# "What Is Your Goto Cutter" poll



## Isaac (Jan 3, 2013)

Trying to figure out my favorite, so I thought I'd take a poll of other's favorites


----------



## JG5000 (Dec 28, 2012)

I have had sucess with the Cuban crafters perfect cutter. clean cut and no rippin and tearin.
I have a colibri Double-guillotine Cigar Cutter that I have not had a clean cut with.


----------



## CarnivorousPelican (Jan 25, 2013)

I just got a Xikar Mayan 3d I am digging it... Since the Chrome xi3 cutter is on back order got a mayan 3d to hold me over...  The force is strong with the Liga 9 tabletop lighter but I must resist the darkside


----------



## splattttttt (May 17, 2012)

The V is probably the best most of the time. Less it's a torpedo... Then I like a guillotine.


----------



## Isaac (Jan 3, 2013)

JG5000 said:


> I have had sucess with the Cuban crafters perfect cutter. clean cut and no rippin and tearin.
> I have a colibri Double-guillotine Cigar Cutter that I have not had a clean cut with.


Argh!!!!! I left one off!!!

If a moderator can and wants to, they should add that and an "other" option!


----------



## piperdown (Jul 19, 2009)

Xikar V cutter. Reach for it more often than anything else.


----------



## CarnivorousPelican (Jan 25, 2013)

piperdown said:


> Xikar V cutter. Reach for it more often than anything else.


Now am going to have to get the v cutter and that tabletop liga lighter is going to enter the purchase


----------



## OldSkoolTarHeel (Nov 28, 2012)

splattttttt said:


> The V is probably the best most of the time. Less it's a torpedo... Then I like a guillotine.

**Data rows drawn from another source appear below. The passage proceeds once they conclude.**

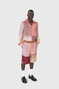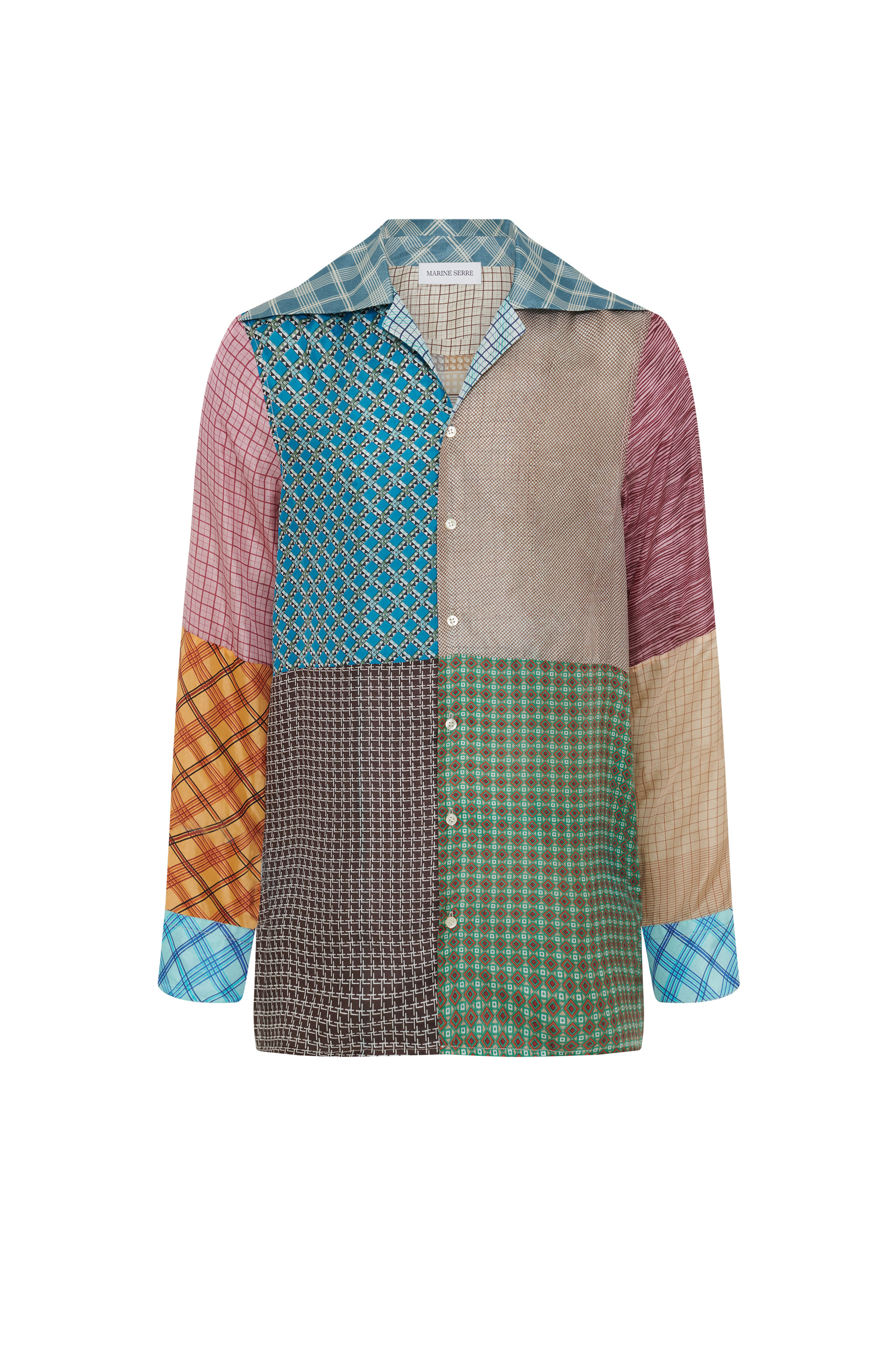 Unisex relaxed fit shirt with a flat pointy collar Product Detail - Collar finished with double topstitching - Buttoned front - Single button cuffs with pleated gathers - Side slit on right side - Back yoke - Pin hem - Upcycled silk scarves patchwork construction - Branded label woven at hem Composition and Traceability Product details page relating to environmental qualities or characteristics USI031A UWOV0028 MU00 MULTICOLOR Composition: 100% Silk Traceability: Material sourcing and upcycling country: Italy Manufacturing: France
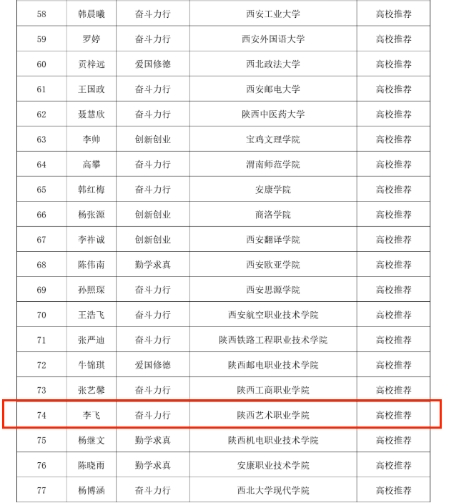 活动启动以来,我校团委组织各二级学院团总支积极宣传,大力挖掘大学生“自强”典型,并最终推荐2名同学参加省级“自强之星”的寻访评选。经团省委审核,活动共评选出“陕西省大学生自强之星”100人,我校音乐学院李飞同学获得此荣誉。
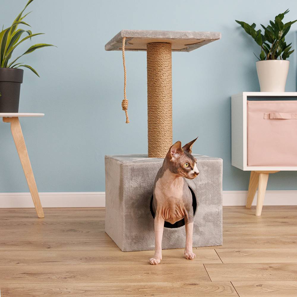 Дом-когтеточка Куб с площадкой развлечет питомца и позволит ему удовлетворить свои естественные инстинкты.

I actually cut a torpedo with a v-cutter last week sometime just to try it. It actually worked out pretty well. Try is some time, you might enjoy it too.


----------



## Khozar (Apr 26, 2012)

OldSkoolTarHeel said:


> I actually cut a torpedo with a v-cutter last week sometime just to try it. It actually worked out pretty well. Try is some time, you might enjoy it too.


I've done this and it actually does work surprisingly well.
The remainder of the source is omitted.